ABOUT THIS TASK> Using the data that follows, give again word for word the lines between the one holding "Theo VTC News" and the one holding "此外,为了帮助没有计划的工薪", inclusive. Omit the pictures.

DATASET EXTRACT>

+ + + + +

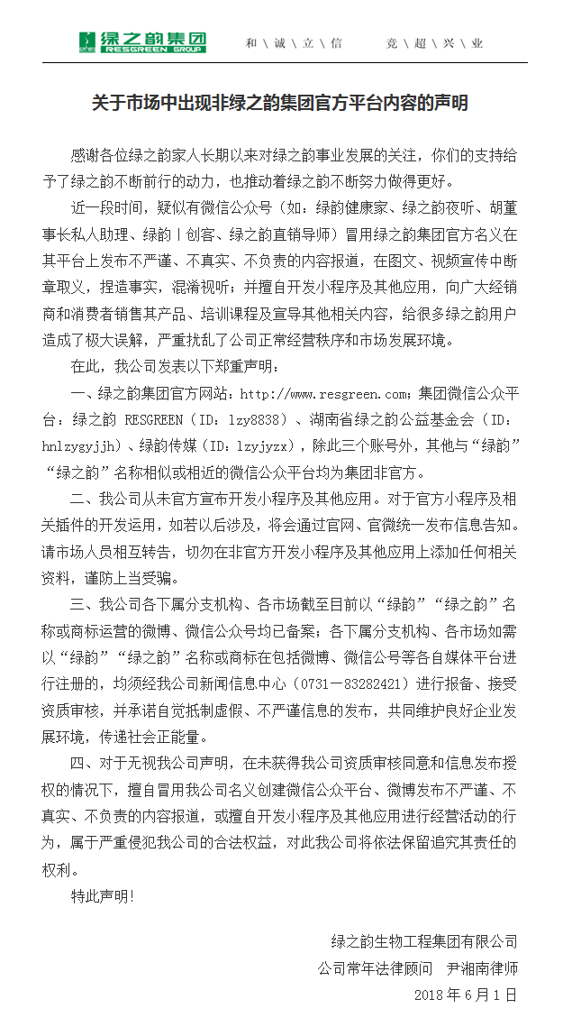 鄭重聲明(關于市場中出現(xiàn)非綠之韻集團官方平臺內(nèi)容的聲明)
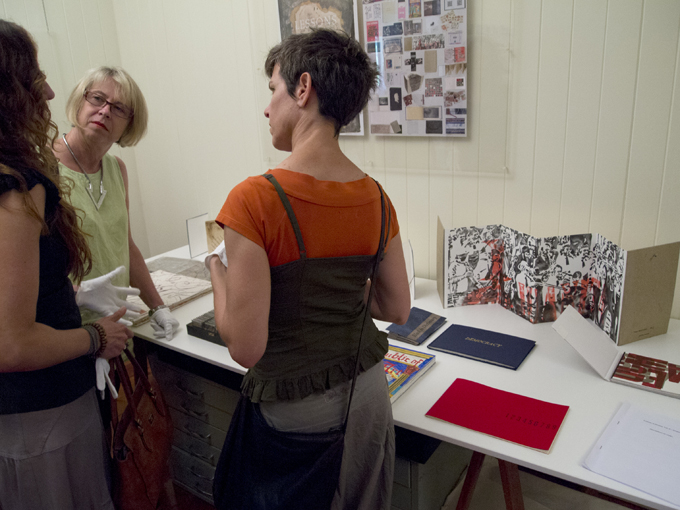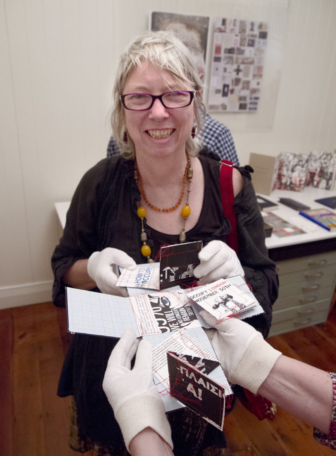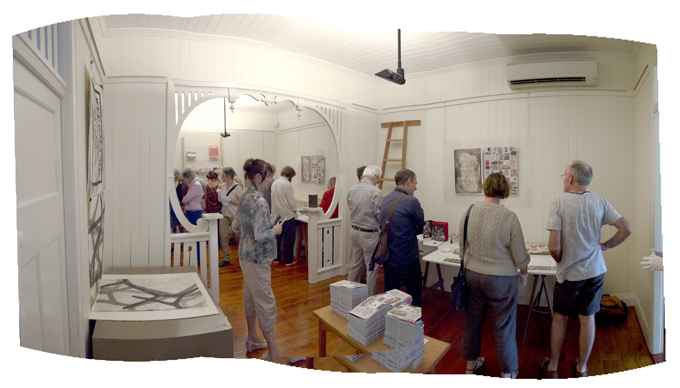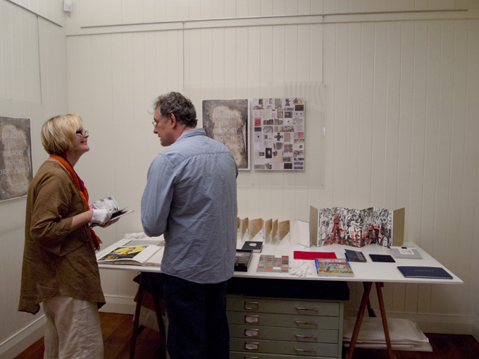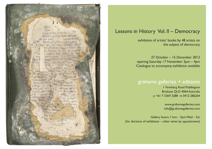 In an otherwise drought of artists’ book activity in Brisbane the opening of the much awaited exhibition at grahame galleries Lessons in History Vol. II – Democracy provided a welcome spike in calendar. In one brief afternoon there was the opportunity to be swept up in a deluge of books and book people. This is a the democratic camera view of the event …
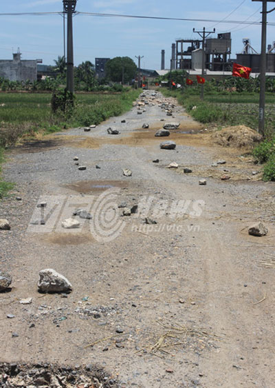 Theo VTC News – một cơ quan truyền thông của nhà cầm quyền CSVN, dân Châu Xá rào làng, xẻ đường, đắp mô để làm tê liệt hoạt động của các nhà máy đang vây quanh làng.
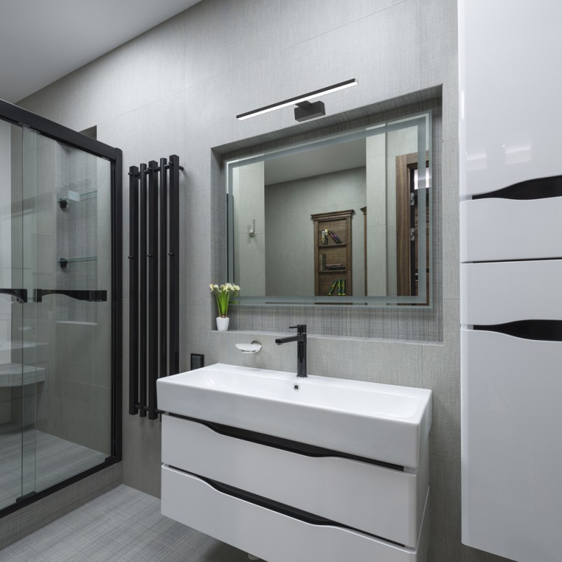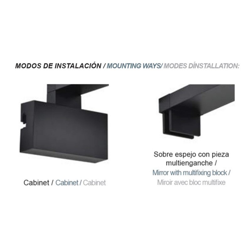 LED wall lamp for bathroom mirrors Roth. Wall light with LED lighting in a neutral white shade designed for installation as lighting above the bathroom mirror. It is made of black aluminium, with polycarbonate diffuser, and has IP44 protection against possible water splashes. LED 12W, 840 lumens and 4000K.
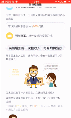 此外,为了帮助没有计划的工薪族做理财规划,腾讯还联合金融机构推出“爱定投”,其操作便捷、产品丰富,可定时定额自动买入、不再会出现忘记操作,损失收益的懊悔。此外,爱定投可灵活赎回,以应不时之需。总之,管住工资、摆脱月光,日积月累,职场中人才能有足够的资金,为事业的飞跃提供坚实的基础与自信的勇气。
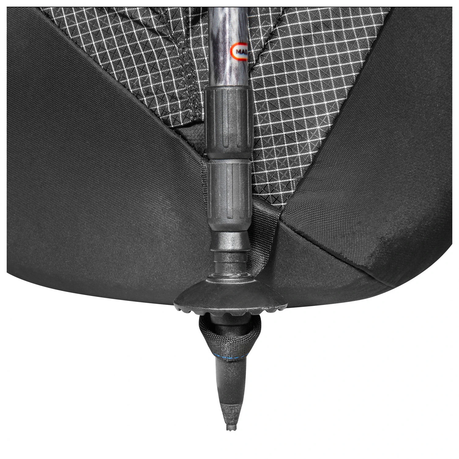 Im abgetrennten Bodenfach kannst Du den Schlafsack unterbringen und das große Hauptfach ist sowohl von oben als auch von vorne zugänglich. Das erleichtert das Packen und gewährt einen guten Überblick über die Ausrüstung. Außen ist der Rucksack mit zahlreichen Materialschlaufen ausgestattet, an denen Du leichte Ausrüstungsgegenstände befestigen kannst.

+ + + + +

TASK ANSWER>
 Theo VTC News – một cơ quan truyền thông của nhà cầm quyền CSVN, dân Châu Xá rào làng, xẻ đường, đắp mô để làm tê liệt hoạt động của các nhà máy đang vây quanh làng.
 LED wall lamp for bathroom mirrors Roth. Wall light with LED lighting in a neutral white shade designed for installation as lighting above the bathroom mirror. It is made of black aluminium, with polycarbonate diffuser, and has IP44 protection against possible water splashes. LED 12W, 840 lumens and 4000K.
 此外,为了帮助没有计划的工薪族做理财规划,腾讯还联合金融机构推出“爱定投”,其操作便捷、产品丰富,可定时定额自动买入、不再会出现忘记操作,损失收益的懊悔。此外,爱定投可灵活赎回,以应不时之需。总之,管住工资、摆脱月光,日积月累,职场中人才能有足够的资金,为事业的飞跃提供坚实的基础与自信的勇气。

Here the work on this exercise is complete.